Anterior cruciate ligament (ACL) rupture is one of the most common and compromising musculoskeletal injuries in both recreational and competitive sports populations. Systematic reviews have reported high incidence rates in ball sports, with non-contact mechanisms responsible for over half of all injuries, and female athletes consistently at greater risk than males [1]. The injury carries a considerable burden, including lengthy rehabilitation, high healthcare costs, and an increased risk of post-traumatic knee osteoarthritis. Arthroscopic ACL reconstruction is the accepted treatment for restoring knee stability and returning patients to activity. Autograft is generally preferred over allograft for primary procedures due to better biological incorporation and no risk of disease transmission [2].
Choosing the right autograft requires careful consideration of each patient's anatomy and circumstances. For isolated ACL injuries, both bone-patellar tendon-bone (BPTB) and quadrupled hamstring tendon (HT) grafts yield good results, though each has its own donor-site drawbacks. BPTB harvest is associated with anterior knee pain, kneeling discomfort, and occasional patellar fractures, though it may offer lower re-rupture rates in high-risk patients [3,4]. HT harvest risks saphenous nerve injury and may yield an undersized graft, particularly in women and smaller patients, which is an important determinant of surgical success [5]. Hamstring tendon dimensions vary widely between patients, and a graft diameter below 8 mm is a recognised risk factor for reconstruction failure [6].

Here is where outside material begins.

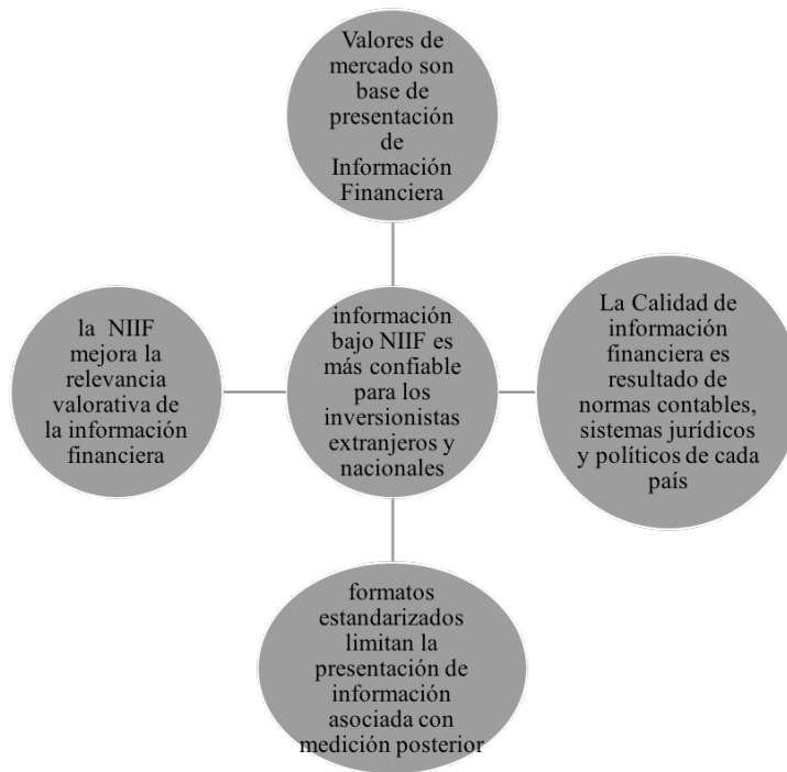
Gráfico 1. Elementos de interés según marco de antecedentes

The situation becomes considerably more complex when ACL rupture is accompanied by a grade III MCL injury, a combination seen in 20–38% of ACL tears and the most common pattern of multi-ligament knee injury [7,8]. These combined injuries result from higher-energy mechanisms, cause extensive medial soft tissue damage, and lead to greater functional impairment than isolated ACL tears. In this setting, harvesting the medial hamstrings is problematic because the pes anserine insertion lies within the zone of injury, raising the risk of wound breakdown, haematoma, and infection. There is also concern that removing dynamic medial stabilisers when the MCL is already completely disrupted may worsen instability, though this has not been conclusively demonstrated. The AAOS clinical practice guideline and systematic review by Rao et al. found no single graft or treatment strategy to be consistently superior in combined ACL-MCL injuries, emphasising the need for individualised surgical planning [7,9].

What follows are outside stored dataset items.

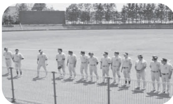
野球部の皆さんお疲れ様でした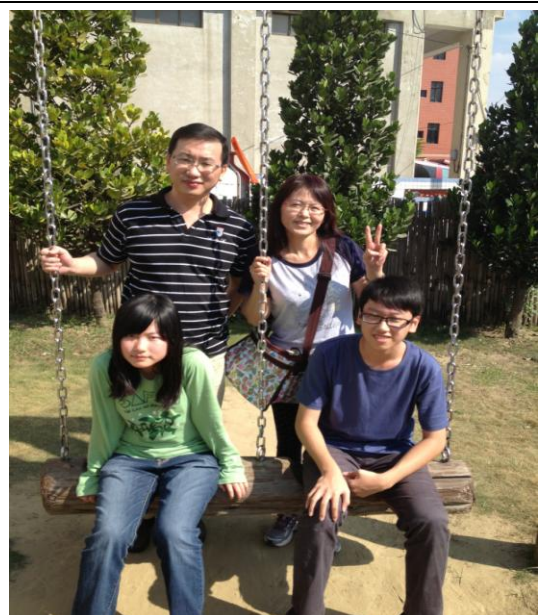
幸福就是 ~ 全家福 ~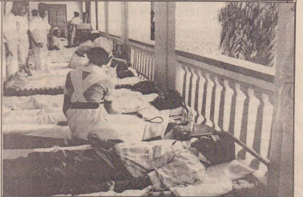
யாழ்.புனித பத்திரிசியார் கல்லூரி இன்றாகட்ட கழகத்தின் ஏற்பாட்டில் அண்மையில் கல்லூரியில் இரத்ததான நிகழ்வு நடத்தப்பட்டது. மாணவர்களும் ஆசிரியர்களும் இரத்ததானம் செய்வதைப் படத்தில் காணலாம்.

The peroneus longus tendon (PLT) has gained increasing attention as an alternative autograft for ACL reconstruction. Its lateral position at the ankle keeps it well away from the medial injury zone, making it particularly appealing in combined ACL-MCL cases. He et al. pooled data from 925 patients and found PLT and HT autografts produced similar Tegner, Lysholm, and IKDC scores, with a marginal advantage for PLT on functional measures [8,10,11]. Soleymanha et al. reviewed 1024 patients and reported postoperative AOFAS scores consistently above 96, confirming that PLT harvest has little impact on ankle function [9,12,13]. Studies of both anterior-half and full-thickness PLT harvest have shown sufficient graft diameter and length for single-bundle reconstruction, with negligible functional changes at the donor ankle [14,15]. The PLT has also shown good results in non-athletic patients [16,17] and has been used as a split-tendon graft for concurrent MCL augmentation alongside ACL reconstruction in combined injuries [18,19].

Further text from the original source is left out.